Japanese influence on architecture and landscape design in the United States began in the late 19th century and was most pronounced in the architecture of the arts and craft movement and landscape architecture in California at the beginning of the 20th century. The first real architectural display of Japanese style architecture in the United States was at the 1876 Philadelphia Centennial exposition in the form of a Japanese bazaar and garden—in the decade following Japanese style architecture and design elements began to find their way into architectural magazines and design books.  The first major display of Japanese architecture and landscape design on the west coast came in the form of the Japanese Village at the California Midwinter Fair in Golden Gate Park in San Francisco, which opened in 1894.  The Japanese village, small portions of which still exist today in the form of the Japanese Tea Garden of Golden Gate Park, was designed by George Turner Marsh with the advicee of Makota Hagiwara and at least one other Japanese gardener, T. Akoi.  Immediately following the fair, John McLaren and the San Francisco park commissioners hired Makota Hagiwara to run the Japanese village concession.  Hagiwara, who had learned the trade of gardening from his father and family gardener, became dedicated to the Japanese Tea Garden from 1894 to 1942, even to the point of bringing over plants from his ancestral home in Osaka—this garden became the oldest and most famous Japanese Tea Garden in the United States.

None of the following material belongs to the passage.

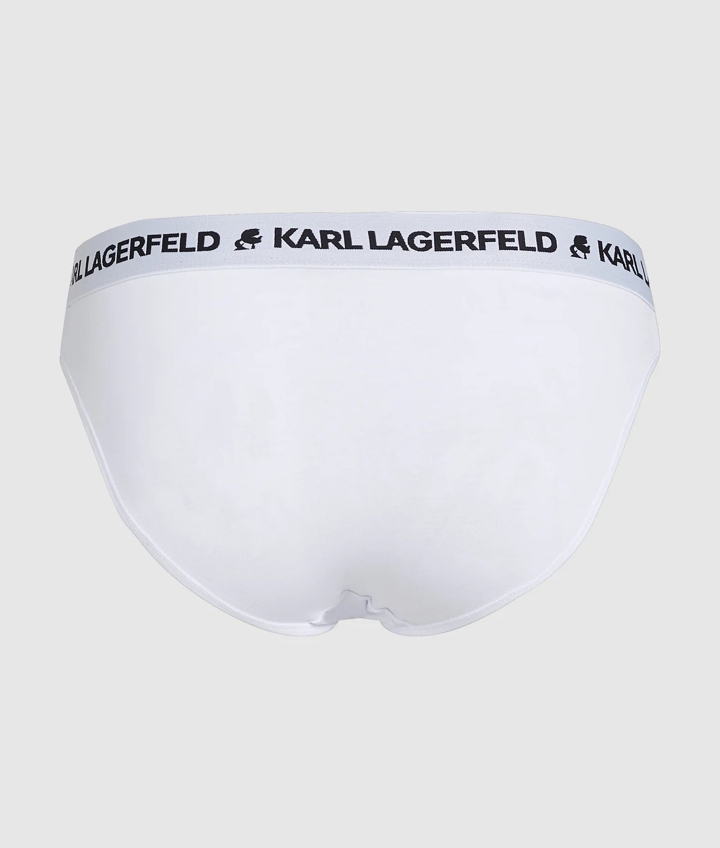 The low-rise silhouette sits smoothly under clothing, creating a flattering and seamless look, while the elasticated waistband ensures a secure and comfortable fit. A contrasting KARL LAGERFELD logo at the waistband adds a bold, designer touch, elevating these practical underwear basics into a statement piece.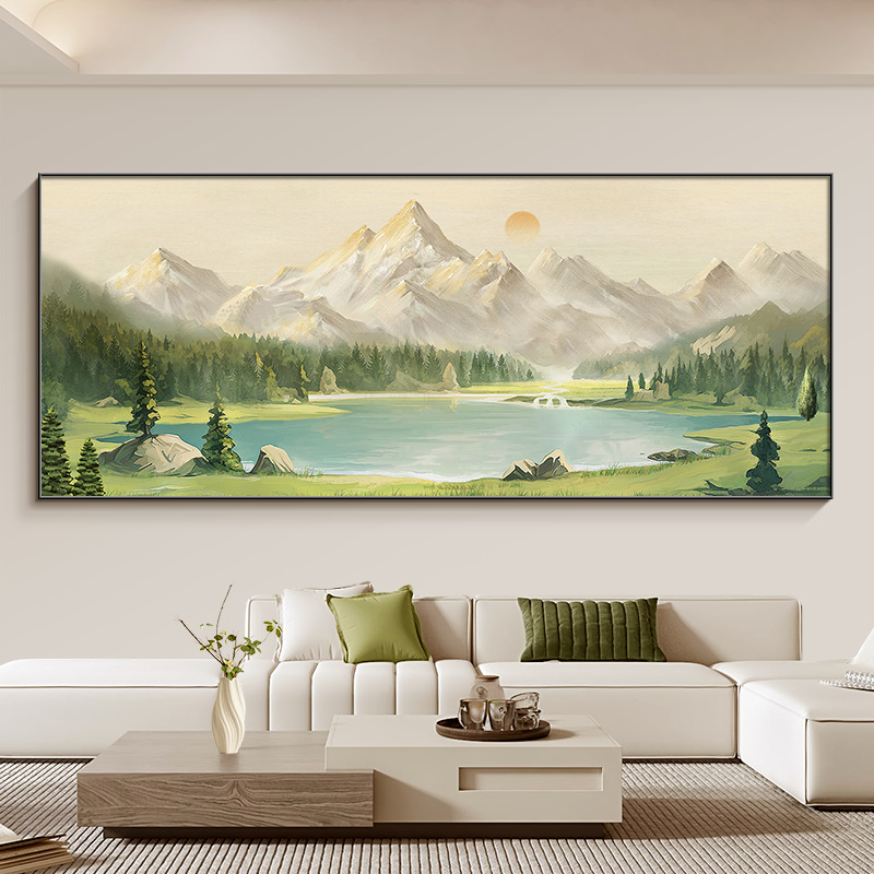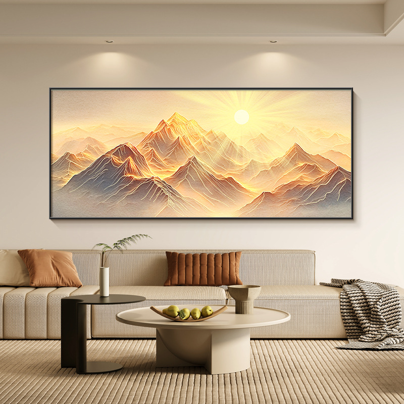 日照金山客厅装饰画办公室沙发背景墙餐厅挂画轻奢高级感卧室壁画

Eugene de Sabla, Jr., (1886-1956) was a major industrialist who manufactured hydro-electric power in the west, and, with John Martin, was a co-founder of the Pacific Gas and Electric Company. In 1906 he purchased a part of the Howard estate and commissioned Willis Polk to design and build a Tudor style home on the grounds, a mile from San Mateo.  This was named El Cerrito. It is unknown how Makota Hagiwara or any other Japanese gardeners or laborers who participated in the design and construction of the Teahouse and Tea Garden were first introduced to Eugene de Sabla.


[photo]
De Sabla, Eugene J., Jr., Teahouse and Tea Garden - photo- Eugene Zelenko,
Courtesy of
creative commons license

Anti-Asian immigration sentiment became a strong political force in the early 20th century, and in October 1905 the Japan Society of America was founded in an effort to stem the tide of negative feelings towards the Japanese. Henry Bowie, one of America’s leading experts on Japan, was one of the founders, and Mr. and Mrs. De Sabla were two of the organizations first members. The society hosted social events, lectures, published a bulletin, and awarded fellowships to Japanese students attending American universities. After the garden was completed, it became the site of many important social events in the community. Fifty seven members of the Japanese Commercial Commission, led by Baron Eiichi Shibusawa, visited San Francisco on November 27, 1909, and had tea at the Eugene de Sabla, Jr. Teahouse and Tea Garden while also admiring a gate dedicated to the valor of the Japanese Army erected by Henry Bowie to commemorate the bravery of the Japanese soldiers of the Russo-Japanese war (1904-5). 
In June 1919, El Cerrito and the Japanese Teahouse and Tea Garden were sold to Anne St. Cyr.  The garden continued, through different owners and over the years, to host major social events. When the mansion of El Cerrito and the gardens were sold to a local builder and developer, David B. Bohannon, the site of the Japanese Garden was not developed.